● **EXERCISE PROMPT**
For the material below, the expected output is exactly the lines between the line holding "Notre presse pectorale" and the line holding "9月2日清晨,天空陰云密布。", inclusive, with pictures left out.

+++ RECORDS TO PROCESS

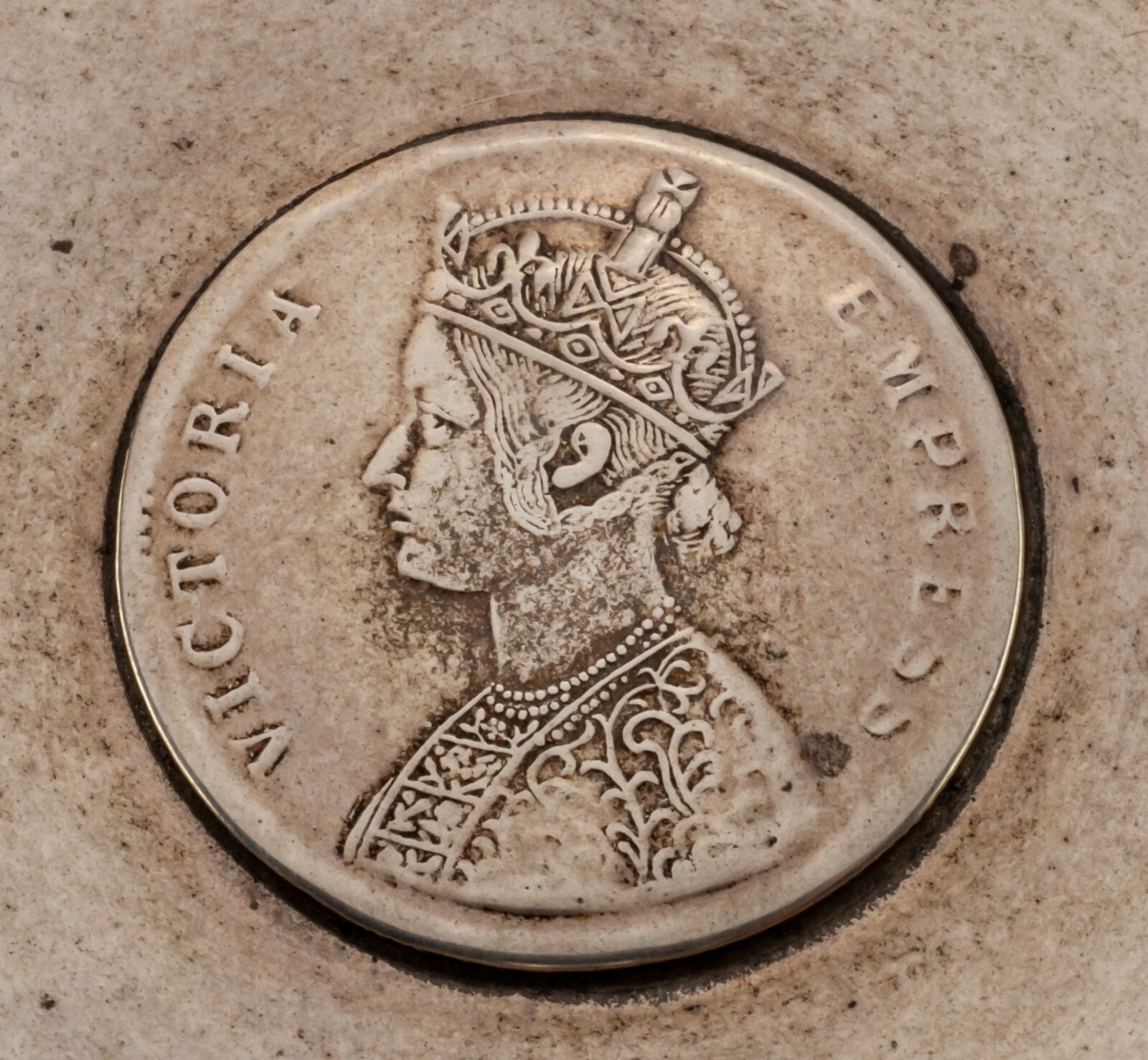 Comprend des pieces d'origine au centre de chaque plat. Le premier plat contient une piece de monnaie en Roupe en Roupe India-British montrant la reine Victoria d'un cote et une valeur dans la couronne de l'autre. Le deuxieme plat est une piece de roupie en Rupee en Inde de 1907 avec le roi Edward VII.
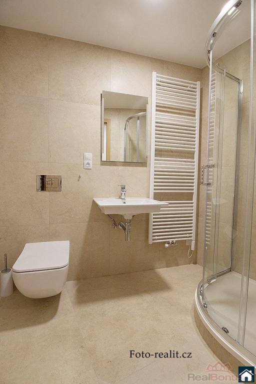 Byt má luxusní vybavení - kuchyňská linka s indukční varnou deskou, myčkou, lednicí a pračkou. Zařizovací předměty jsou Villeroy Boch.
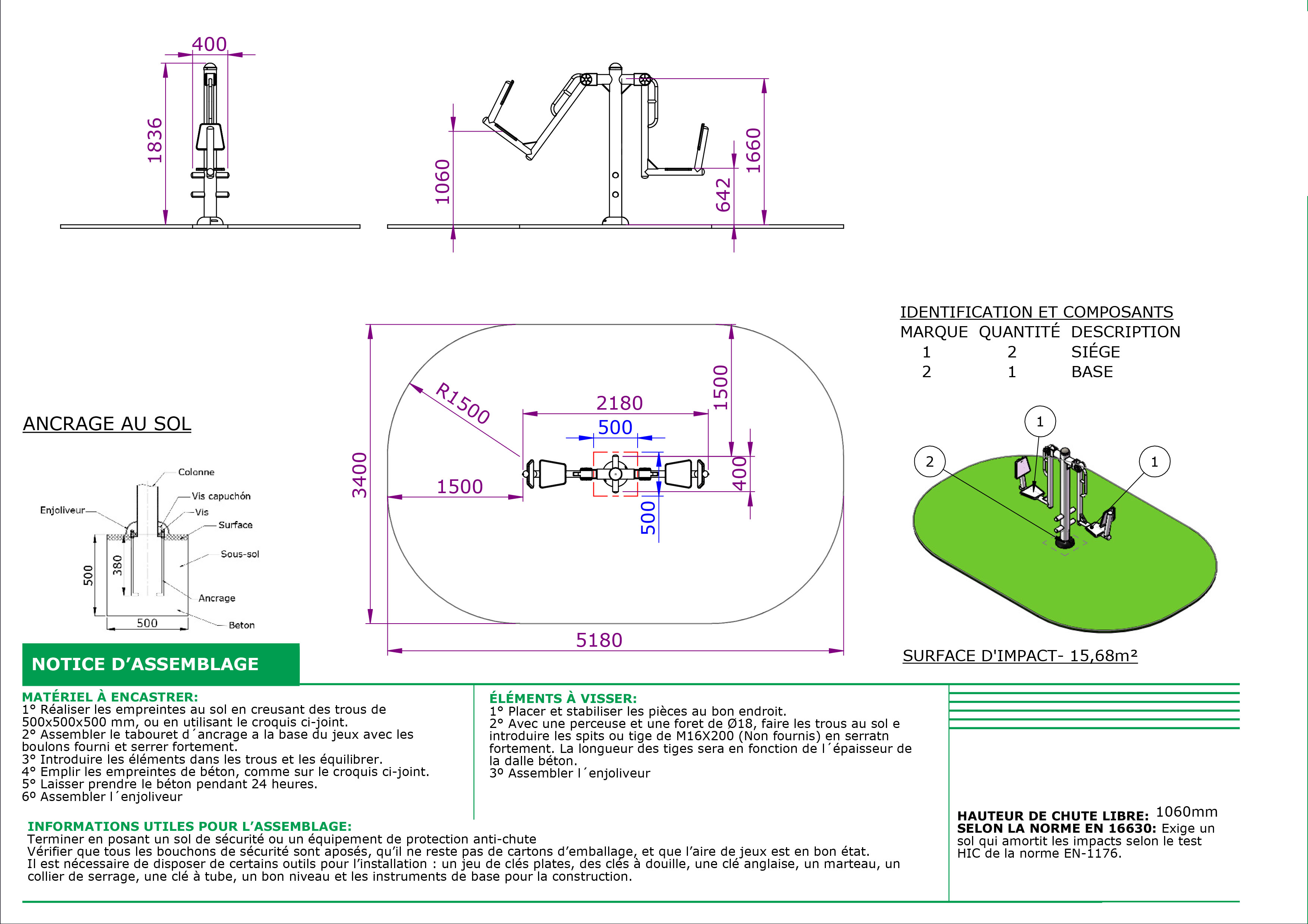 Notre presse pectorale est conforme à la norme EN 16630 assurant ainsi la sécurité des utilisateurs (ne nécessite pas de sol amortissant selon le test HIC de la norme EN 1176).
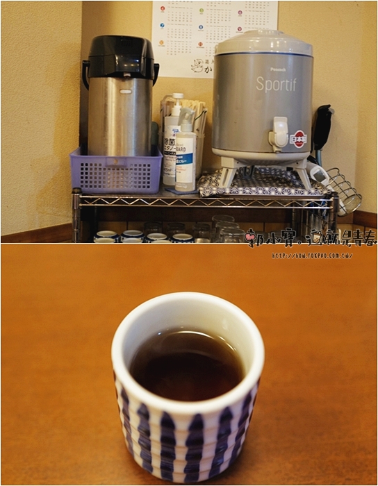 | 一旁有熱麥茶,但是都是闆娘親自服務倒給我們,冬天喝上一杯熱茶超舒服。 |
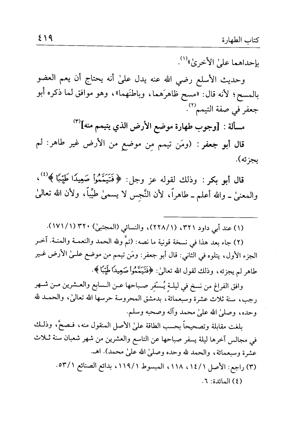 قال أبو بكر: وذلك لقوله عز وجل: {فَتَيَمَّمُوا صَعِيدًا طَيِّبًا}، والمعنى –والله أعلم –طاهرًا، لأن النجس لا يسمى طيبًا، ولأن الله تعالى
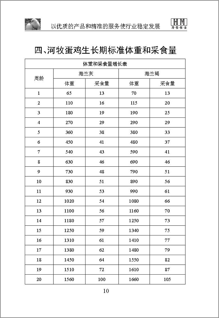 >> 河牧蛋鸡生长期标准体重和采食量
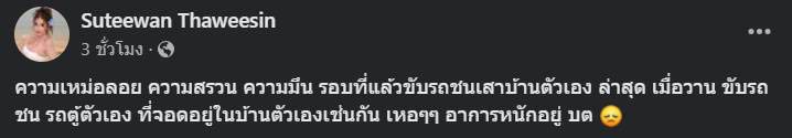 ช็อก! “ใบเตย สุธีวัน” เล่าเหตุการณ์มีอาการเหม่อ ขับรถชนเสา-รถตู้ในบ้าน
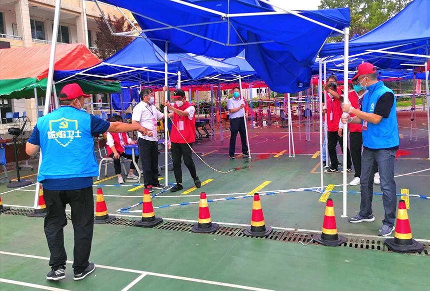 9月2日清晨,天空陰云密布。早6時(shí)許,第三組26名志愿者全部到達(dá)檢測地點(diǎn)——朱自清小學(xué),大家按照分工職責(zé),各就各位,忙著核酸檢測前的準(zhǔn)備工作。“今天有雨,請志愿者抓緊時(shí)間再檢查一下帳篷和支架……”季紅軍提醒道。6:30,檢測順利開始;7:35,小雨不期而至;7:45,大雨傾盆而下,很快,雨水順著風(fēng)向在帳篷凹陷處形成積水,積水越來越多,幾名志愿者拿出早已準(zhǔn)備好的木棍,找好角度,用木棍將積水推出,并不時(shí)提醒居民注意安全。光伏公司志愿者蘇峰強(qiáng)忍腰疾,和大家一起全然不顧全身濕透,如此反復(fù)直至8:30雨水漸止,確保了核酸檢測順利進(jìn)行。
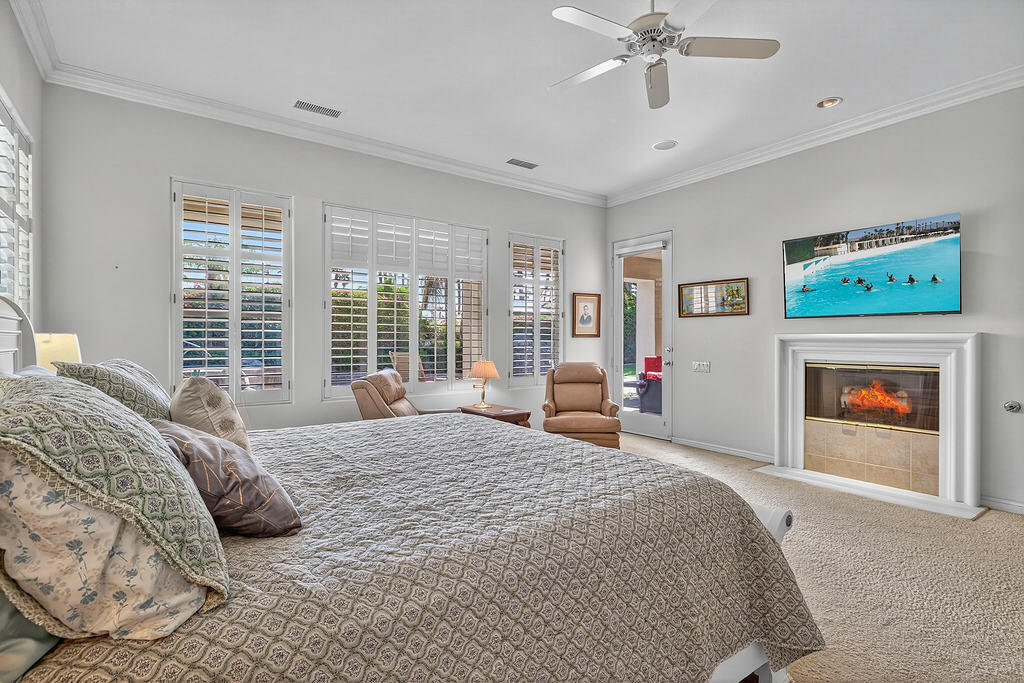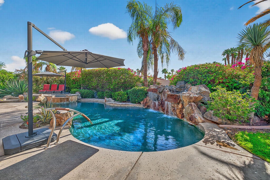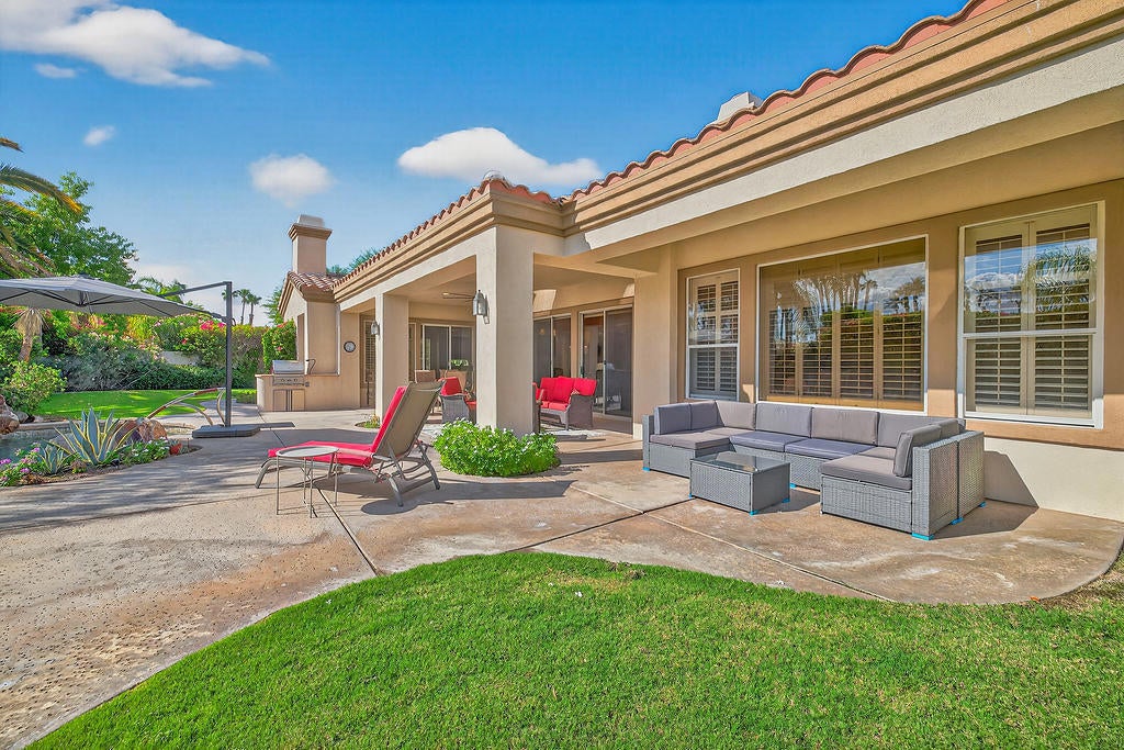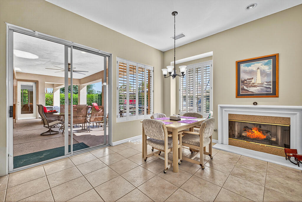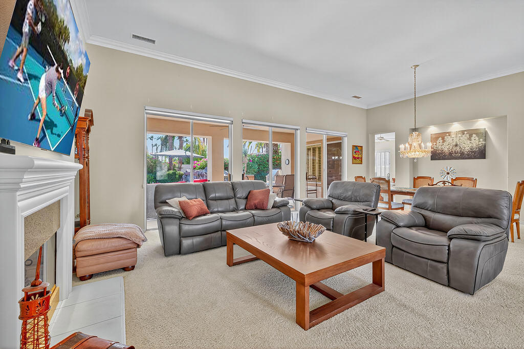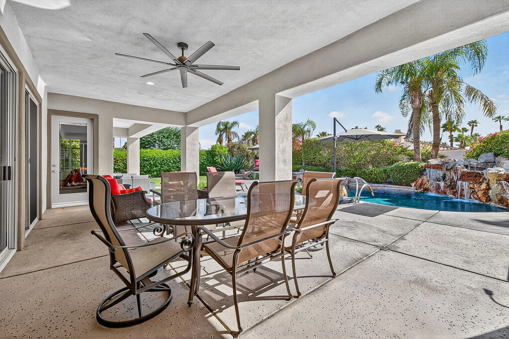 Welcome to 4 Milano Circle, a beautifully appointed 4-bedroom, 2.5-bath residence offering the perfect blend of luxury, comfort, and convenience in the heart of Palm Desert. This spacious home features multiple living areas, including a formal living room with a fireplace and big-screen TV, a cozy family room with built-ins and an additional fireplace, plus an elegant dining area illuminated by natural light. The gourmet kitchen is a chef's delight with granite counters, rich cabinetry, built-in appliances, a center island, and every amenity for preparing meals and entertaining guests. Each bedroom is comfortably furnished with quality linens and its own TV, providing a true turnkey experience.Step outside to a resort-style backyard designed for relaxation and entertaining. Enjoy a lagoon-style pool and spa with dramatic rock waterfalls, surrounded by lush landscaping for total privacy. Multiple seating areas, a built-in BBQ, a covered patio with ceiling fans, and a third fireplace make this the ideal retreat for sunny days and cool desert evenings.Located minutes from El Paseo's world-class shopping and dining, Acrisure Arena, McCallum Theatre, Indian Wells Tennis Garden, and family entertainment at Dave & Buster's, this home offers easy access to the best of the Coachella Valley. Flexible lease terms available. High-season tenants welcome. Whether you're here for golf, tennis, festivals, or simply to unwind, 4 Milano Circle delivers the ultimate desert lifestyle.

++++++

● **ANSWER TO THE PROBLEM**
 Notre presse pectorale est conforme à la norme EN 16630 assurant ainsi la sécurité des utilisateurs (ne nécessite pas de sol amortissant selon le test HIC de la norme EN 1176).
 | 一旁有熱麥茶,但是都是闆娘親自服務倒給我們,冬天喝上一杯熱茶超舒服。 |
 قال أبو بكر: وذلك لقوله عز وجل: {فَتَيَمَّمُوا صَعِيدًا طَيِّبًا}، والمعنى –والله أعلم –طاهرًا، لأن النجس لا يسمى طيبًا، ولأن الله تعالى
 >> 河牧蛋鸡生长期标准体重和采食量
 ช็อก! “ใบเตย สุธีวัน” เล่าเหตุการณ์มีอาการเหม่อ ขับรถชนเสา-รถตู้ในบ้าน
 9月2日清晨,天空陰云密布。早6時(shí)許,第三組26名志愿者全部到達(dá)檢測地點(diǎn)——朱自清小學(xué),大家按照分工職責(zé),各就各位,忙著核酸檢測前的準(zhǔn)備工作。“今天有雨,請志愿者抓緊時(shí)間再檢查一下帳篷和支架……”季紅軍提醒道。6:30,檢測順利開始;7:35,小雨不期而至;7:45,大雨傾盆而下,很快,雨水順著風(fēng)向在帳篷凹陷處形成積水,積水越來越多,幾名志愿者拿出早已準(zhǔn)備好的木棍,找好角度,用木棍將積水推出,并不時(shí)提醒居民注意安全。光伏公司志愿者蘇峰強(qiáng)忍腰疾,和大家一起全然不顧全身濕透,如此反復(fù)直至8:30雨水漸止,確保了核酸檢測順利進(jìn)行。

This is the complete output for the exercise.